And thanks in advance. 

P083B-LC pressure switch rationality This is a pressure switch for the transmission, Which you have 3. If one of the pressure switch is open or closed at the wrong time when in park or neutral,The transmission goes into limp mode , this is where you have limited gear operation,This problem code is related to a fault in the Transmission solenoid or TRS assembly

Read more: https://www.autocodes.com/qa/20523/w...-dodge-caravan

P0706 code is a generic powertrain code related to the transmission. This code is non-emission related. The transmission range sensor circuit is not communicating correct data to the engine control module (ECM). This code only applies to vehicles with an automatic transmission.


----------



## pmassey31545 (Sep 13, 2016)

I seem to have the p0706 code taken care of as it hasn't returned since I adjusted the range sensor manually and refilled with good fluid and a new filter. I still had the P083B code so I ordered a pressure switch. Put it in today and filled it with fluid again. Put it back together and took it for a spin. Still won't shift like it should-never out of second gear (maybe 3rd???). Anyway, just asking for an opinion or 2 before it goes to the dealer next week. 

HELP????


----------



## Zambee500 (Jun 23, 2011)

Can't help with any insight, but I personally wouldn't bother with a VW dealership for this unless absolute last option. Dollars to doughnuts they will say the transmission must be replaced. Do you have a Dodge or Chrysler dealership closer? I don't think they are supposed to work on Routans, likely due to Chryco/VW contract for the Routan, but that's just a guess. Some here have had luck with Dodge/Chrysler dealerships working on their Rout. You could try pleading that there are no VW dealerships nearby.
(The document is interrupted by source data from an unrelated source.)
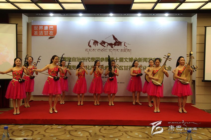 在第十屆深圳文博會(huì)我州新聞發(fā)布會(huì)上,深圳藝術(shù)團(tuán)演奏《康定情歌》。
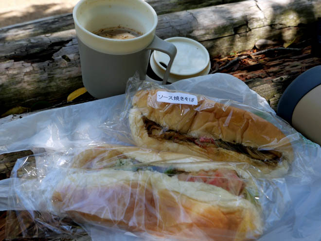 コーヒーを入れてコッペパンをかじりました。もう一つはソース焼きそばでした。パンは小ぶりですが、具はたっぷりで食べごたえがありました。
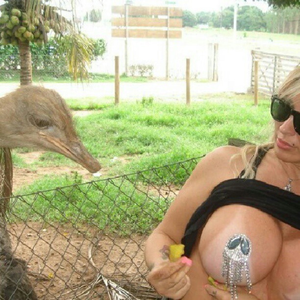 A DJ não estava satisfeita com seus velhos 2 litros em cada seio , e decidiu substituir por 3 litros em cada mama , em uma cirurgia realizada recentemente. O resultado, nós - assim como o avetruz - podemos ver na foto, tirada no zoológico e publicada na tarde desta quarta-feira (20).
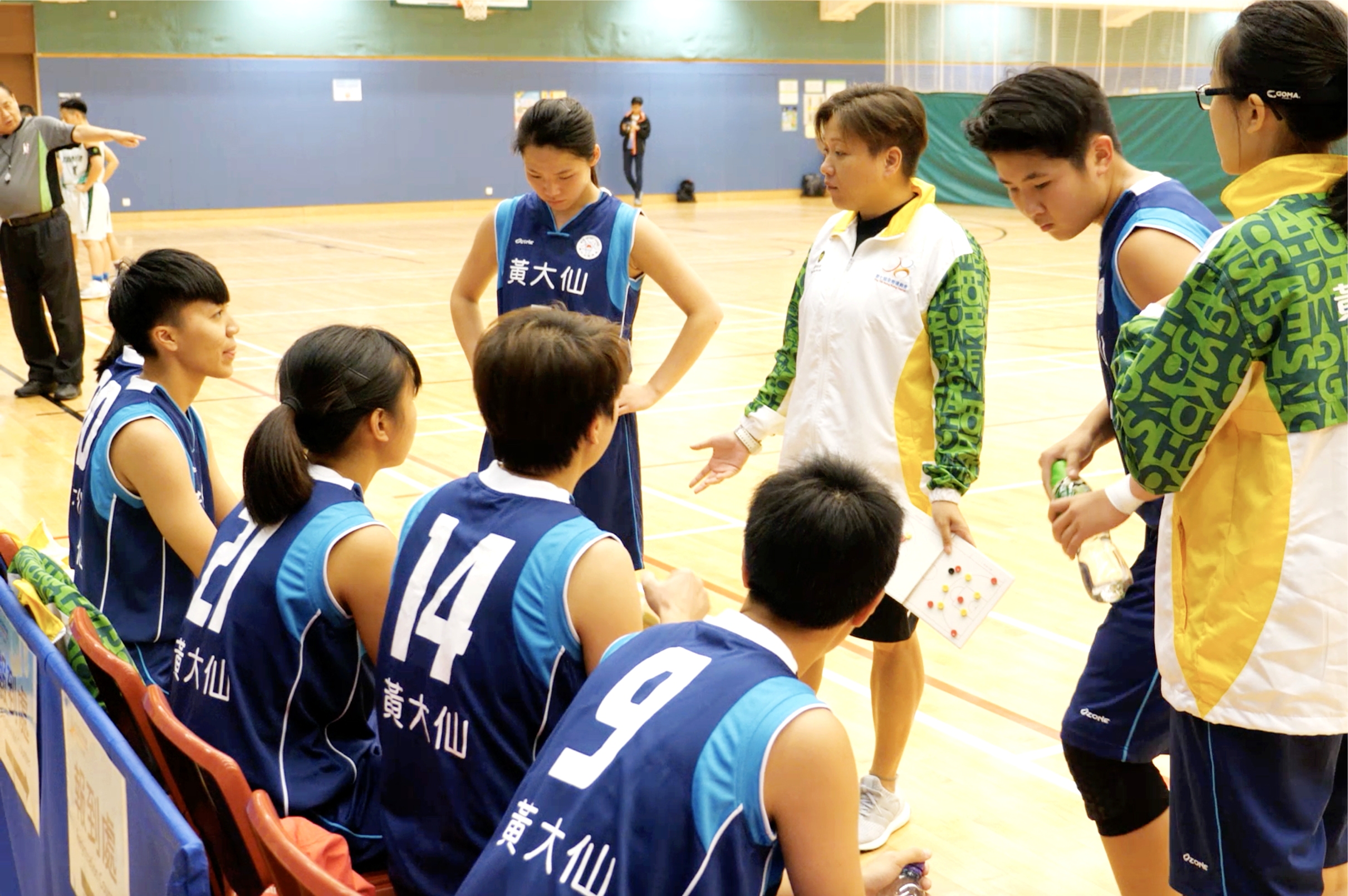 在一個陽光燦爛的早上,記者來到葵涌林士德體育館。在中午,這裏會舉行第7屆全港運動會女子籃球賽比賽初賽——黃大仙區隊對荃灣區隊。比賽開始後,黃大仙區隊一直領先,但到第四節,荃灣區隊把握數個進攻機會,拉近了比數。此時,身兼香港女子籃球隊總教練的黃大仙區隊教練官健好,要求暫停,調整隊員心態和戰術,最後以55:38勝出。
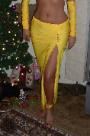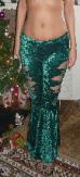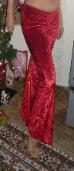 Skirt: trumpet skirt with slit over left leg. 36" in length, upper hip will fit 34", lower hip about 42"
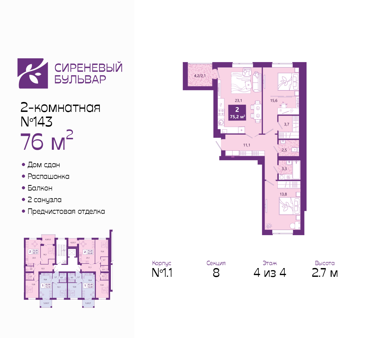 2-комн. квартира с предчистовой отделкой в ЖК "Сиреневый бульвар" на 4 этаже. Общая площадь: 76 кв.м., жилая: 29.4 кв.м., площадь просторной кухни-столовой: 23.1 кв.м. Квартира - распашонка, без проходных комнат, окна выходят на paзные стороны дома. В квартире один балкон, один совмещенный и один раздельный санузел. Высота потолков 2.7 м. Дом введен в эксплуатацию. Дом монолитный, многоподъездный, высотой 4 этажа. Квартира находится в 8-й секции в корпусе 1.1. На этаже 4 квартиры. В подъезде 1 грузовой лифт. Начало строительства - 4 квартал 2022 года. На сегодняшний день строительство завершено, дом сдан в 1 квартале 2024 года. Оформление сделки по договору купли-продажи. Жилой комплекс "Сиреневый бульвар" это 5 клубных 4-х этажных домов на 16 квартир и 9 домов с несколькими секциями. Вместе эти дома формируют собственное закрытое пространство с дворовыми территориями, спортивными и детскими площадками, местами отдыха и коммерческими помещениями. Дизайнерские входные группы и небольшие приусадебные участки квартир нижних этажей, обилие зелени, удобные зоны отдыха – всё устроено с особым вниманием. Жителей комплекса ждут просторные квартиры комфорт-класса с огромными террасами, мастер-спальнями, гардеробными и кухнями-гостиными. В каждом доме предусмотрены места для хранения велосипедов, кладовые помещения на цокольных этажах. "Сиреневый Бульвар" позволит своим жителям получить все преимущества городского комфорта и максимум плюсов от жизни на природе. Для жителей и гостей предусмотрены парковочные места, вся территория оборудована круглосуточной системой видеонаблюдения. В шаговой доступности находятся детский сад, начальная школа и продовольственные магазины. Жилой Комплекс "Сиреневый Бульвар" - уникальный проект, расположенный в Калининграде - балтийской жемчужине, в городе с богатым прошлым, комфортным настоящим и радужным будущим. Именно Калининград – место встречи России и Европы. Жилой Комплекс «Сиреневый Бульвар» находится в географическом центре города. Ленинградский район (бывшие Ротенштейн, Марауненхоф, Лип, Девау, Палве и Куммерау) – это северная часть Калининграда, где в довоенные годы располагался Старый город. Жилой комплекс находится рядом с Верхним озером, Нижним прудом и ещё 12 городскими водоемами. Территория всего проекта занимает 21,9 гектаров и находится между улицами Арсенальная, Пехотная и 4-ой Большой окружной. Аккредитация в банках: ПАО Банк «ВТБ», «Сбербанк России», ПАО «Газпромбанк», ПАО Банк «ФК Открытие», ПАО «Промсвязьбанк». (AQID02374742)
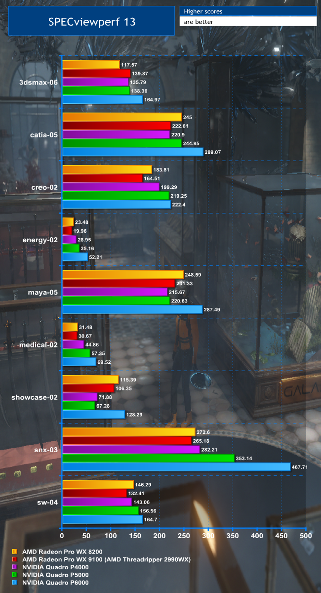 The results with SPECviewperf 13 are much more varied, showing how much professional graphics choice is considerably affected by precisely what software you intend to run. Note that in these tests the AMD Radeon Pro WX 9100 was tested on a slightly different platform, which may have affected the results in some viewsets, so these scores are included merely for comparison.
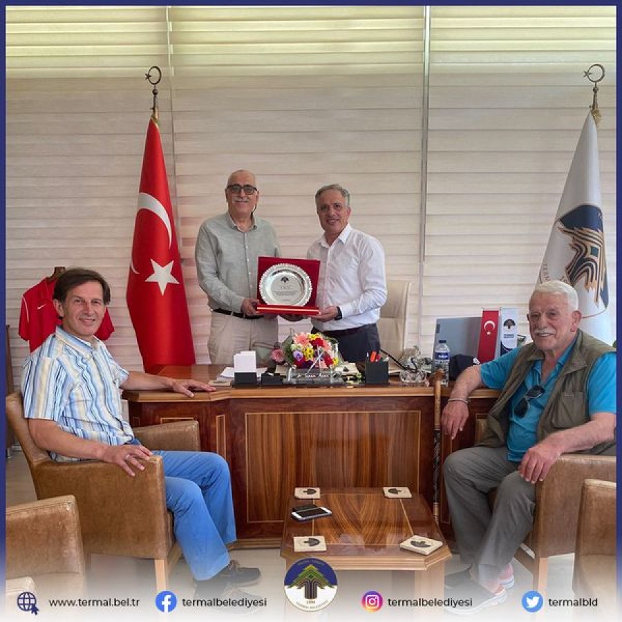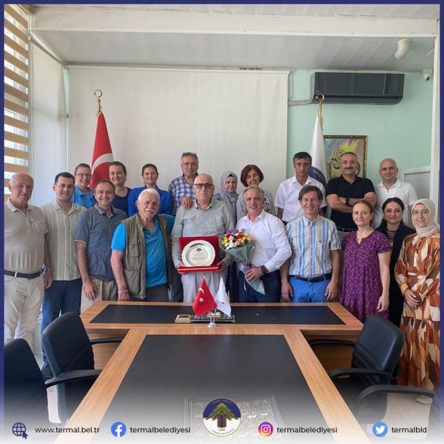 Belediyemizin kuruluş yılından itibaren bizimle 29 yıl boyunca emek vermiş olan yazı işleri müdürümüz İlyas Özer'in emekliliği dolayısıyla kurucu belediye başkanımız S. Sırrı Acar, önceki dönem belediye başkanımız İsmail Atik ve mevcut belediye başkanımız H. Sinan Acar, bir araya gelerek yapmış olduğu özverili çalışmalarından dolayı kendisine teşekkür plaketi sundular. Biz de Termal Belediyesi olarak emeklilik hayatında kendisine sağlık ve huzur dolu yıllar diliyoruz.
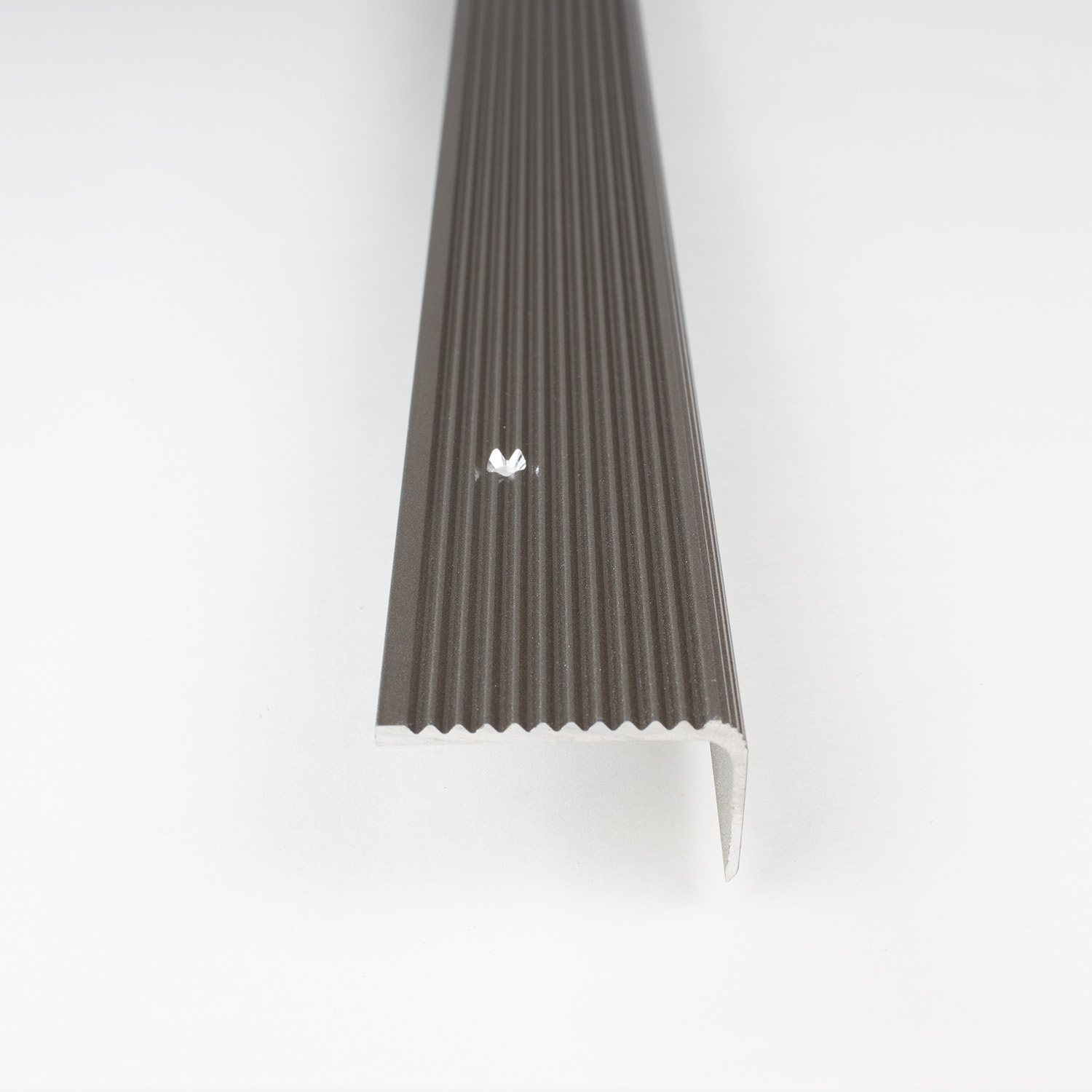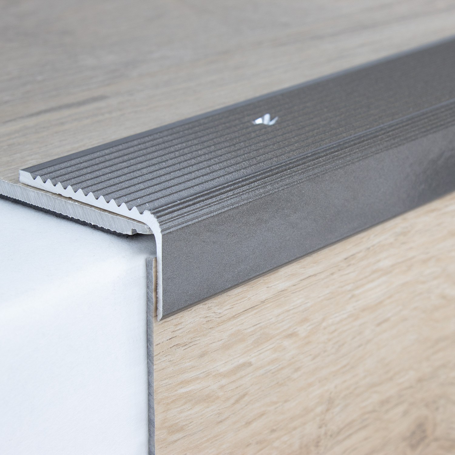 - TAMAÑO: El perfil angular de 40 x 23 x 1000 mm crea un acabado limpio en el borde de la escalera. El perfil tiene un grosor de 2,6 mm. MATERIAL: La tira está fabricada en aluminio de alta calidad y se caracteriza por su robustez, resistencia a la corrosión y durabilidad. COLOR: Gris oscuro. Gracias a su aspecto sencillo y moderno, este color armoniza con cualquier estilo de diseño de interiores, ya sean suelos oscuros o claros, paredes blancas o de color. PROTECCIÓN CONTRA EL DESGASTE: Los perfiles de cantonera ofrecen una protección eficaz para los bordes de sus escaleras. Evitan marcas de desgaste y arañazos que pueden producirse por el uso habitual. APLICACIÓN: Nuestros perfiles angulares son aptos no solo para edificios residenciales, sino también para edificios públicos, complejos comerciales y de oficinas. Se pueden utilizar en escalones de madera, hormigón o baldosas y se integran perfectamente en cualquier ambiente. Importante: Los perfiles de cantonera adhesivos no son aptos para edificios públicos. Para zonas de alto tránsito, recomendamos perfiles angulares de acero inoxidable.

Or a good transmission shop?


----------



## pmassey31545 (Sep 13, 2016)

Zambee500 said:


> Can't help with any insight, but I personally wouldn't bother with a VW dealership for this unless absolute last option. Dollars to doughnuts they will say the transmission must be replaced. Do you have a Dodge or Chrysler dealership closer? I don't think they are supposed to work on Routans, likely due to Chryco/VW contract for the Routan, but that's just a guess. Some here have had luck with Dodge/Chrysler dealerships working on their Rout. You could try pleading that there are no VW dealerships nearby.
> 
> Or a good transmission shop?


Thanks for the reply. It's difficult to get one here. The Routan mustn't be very popular.

Nearest dealership of any kind is an hour away and I'd have to haul it. Problem I have with Chrysler dealers is-like you said-they don't want to touch it. I am leaning toward a VW in hopes they can pinpoint the exact issue. I'm still thinking electrical or bad ECM. 

Trans shop...not in my town. There's a few 30 minutes away. But as you said...my guess is they just say it needs a new trans. And I KNOW that isn't the issue.


----------